There are a large number of algorithms and applications that have been and are actively being developed to assist in medical diagnosis. As medical problems are biological in nature, it is expected that nature-inspired systems would be appropriate solutions to such problems. Among the most popular of such nature-inspired tools is the artificial neural network (ANN), which has lent itself to applications in a variety of fields ranging from telecommunications to agricultural analysis. There is a large amount of literature on the use of ANN in medical applications. Some examples of medical systems developed employing neural networks include those for screening of heart attacks (Furlong et al., 1991) and coronary artery disease (Fujita et al., 1992), facial pain syndromes (Limonadi et al., 2006), diabetes mellitus (Venkatesan & Anitha, 2006), psychiatric diagnosis (NeuroXL, 2003), seizure diagnosis (Johnson et al., 1995), brain injuries (Raja et al., 1995), and many more.

There is an increasing number of cancer cases in most countries, with an increasing variety of cancers. Over the years, ANN has been actively employed in cancer diagnosis as well. ANN systems have been developed for cancer of the breast (Degenhard et al., 2002), skin (Ercal et al., 1994), prostate (Brooks, 1994), ovaries (Tan et al., 2005), bladder (Moallemi, 1991), liver (Meyer et al., 2003), brain (Cobzas et al., 2007), colon (Ahmed, 2005), lung (Marchevsky et al., 2004), eyes (Maeda et al., 1995), cervix (Mango & Valente, 1998) and even thyroid (Ippolito et al., 2004). ANN has also been used for cancer prognosis and patient management (Naguib & Sherbet, 2001).

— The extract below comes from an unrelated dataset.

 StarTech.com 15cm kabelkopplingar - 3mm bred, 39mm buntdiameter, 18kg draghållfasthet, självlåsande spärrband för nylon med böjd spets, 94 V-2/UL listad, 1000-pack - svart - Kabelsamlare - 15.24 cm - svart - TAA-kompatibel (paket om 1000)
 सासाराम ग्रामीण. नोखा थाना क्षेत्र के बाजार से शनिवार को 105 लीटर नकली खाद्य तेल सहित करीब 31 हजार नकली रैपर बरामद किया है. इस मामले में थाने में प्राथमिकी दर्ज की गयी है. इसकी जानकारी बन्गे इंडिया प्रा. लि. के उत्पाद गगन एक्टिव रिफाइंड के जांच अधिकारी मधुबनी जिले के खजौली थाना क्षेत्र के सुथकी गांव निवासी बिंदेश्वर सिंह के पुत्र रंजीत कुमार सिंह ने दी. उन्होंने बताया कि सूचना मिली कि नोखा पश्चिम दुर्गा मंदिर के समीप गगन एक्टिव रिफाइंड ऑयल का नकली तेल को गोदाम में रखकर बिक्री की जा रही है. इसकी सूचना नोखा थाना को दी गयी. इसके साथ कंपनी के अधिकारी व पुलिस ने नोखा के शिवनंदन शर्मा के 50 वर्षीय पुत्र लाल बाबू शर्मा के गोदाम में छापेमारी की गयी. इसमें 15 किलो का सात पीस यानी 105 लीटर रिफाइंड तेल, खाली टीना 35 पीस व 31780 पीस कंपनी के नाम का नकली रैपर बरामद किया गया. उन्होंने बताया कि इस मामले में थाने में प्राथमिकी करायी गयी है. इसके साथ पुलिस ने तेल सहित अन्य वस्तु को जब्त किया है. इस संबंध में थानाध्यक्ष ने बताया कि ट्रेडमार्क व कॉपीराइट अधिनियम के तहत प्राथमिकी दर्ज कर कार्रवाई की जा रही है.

Although there has been extensive development of ANN systems for medical application, there are still many more diagnostic systems for diseases and organs that would be able to gain from this nature-inspired technology. This chapter proposes a multi-stage nature-inspired detection scheme that mimics the radiologist’s diagnosis strategy, where most of the algorithms employed are themselves nature-inspired. The scheme is augmented with the nature-inspired neural networks to improve the system performance in tackling automatic preliminary detection of a difficult and much less researched set of tumors affecting the bile ducts, using the defacto diagnostic imaging technology for the liver and pancreato-biliary system.